Since the class lectures thus far have focused on the mathematical frameworks behind how a neural network builds out its predictions - in terms of backpropagation to converge upon accurate neuron/node weights that minimize actual vs predicted errors of the results - various experiments are run to test the impact of different hidden node/layer inputs and feature selections in obtaining an ‘optimal’ model that is most predictive on the MNIST validation data. The following models are built to evaluate predictive performance:
Experiment 1: A dense neural network with 784 input nodes, a hidden layer with 1 hidden node, and 10 output nodes
Experiment 2: A dense neural network with 784 input nodes, a hidden layer with 2 hidden nodes, and 10 output nodes
Experiment 3: Dense neural networks of the same structure as above but instead testing 4, 8, 16, 32, 64, 128, and 256 hidden nodes, respectively
Experiment 4: A dense neural network using Principal Components Analysis (PCA) to reduce the number of input dimensions from 784 to 154
Experiment 5: A dense neural network with model inputs being the 70 most ‘important’ features extracted from a Random Forest classifier
Introduction
In this hypothetical scenario, Company XYZ wants to automate the data entry of handwritten digit data into its databases. Both time and employee resources are hard constraints, and given an upcoming external audit, Company XYZ has realized that they will not have enough time to manually enter 60,000,000+ handwritten records’ worth of data into their systems in time. Given the tight timeframe and importance of this work, the goal is to input as much data as possible into their databases before the deadline.

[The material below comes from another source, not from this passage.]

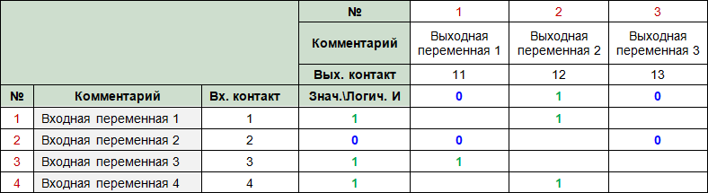 Для начала рассмотрим таблицу, показанную на рис. 1. Нумерованные строки таблицы отвечают за входы контроллера, а нумерованные столбцы – за выходы. Состояние каждого входа контроллера описывается входной переменной, которая получает значение, равное логическому уровню на соответствующем ей входе. А логические уровни на выходах контроллера получают значения своих выходных переменных. Состояние каждой выходной переменной будем определять как логическое И в столбце под ней. Чтобы задать зависимость выходной переменной от нескольких входных переменных, продублируем значения входных переменных в ячейки под выходной переменной.
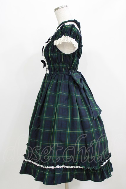 BABY,THE STARS SHINE BRIGHT / タータンチェックリボンミニ袖ジャンパースカート Free グリーン H-26-03-08-016-BA-OP-NS-ZH

Accuracy is key, but in this situation some incorrect/misclassified data is allowable as long as the maximum number of records can be entered before the deadline. Thus, Northwestern Consulting has been employed to predictively automate this task, utilizing a single-layer neural network model for digit classification that can be leveraged for this specific project as well as for future digit recognizer-esque projects for Company XYZ in the future (given that much of their historical quantitative data is still handwritten). Northwestern Consulting’s goal is to maximize the predictive accuracy of the model such that incorrect predictions can be minimized (knowing that 100% accuracy is not required), while secondarily building a scalable model for future such use cases for Company XYZ given new data.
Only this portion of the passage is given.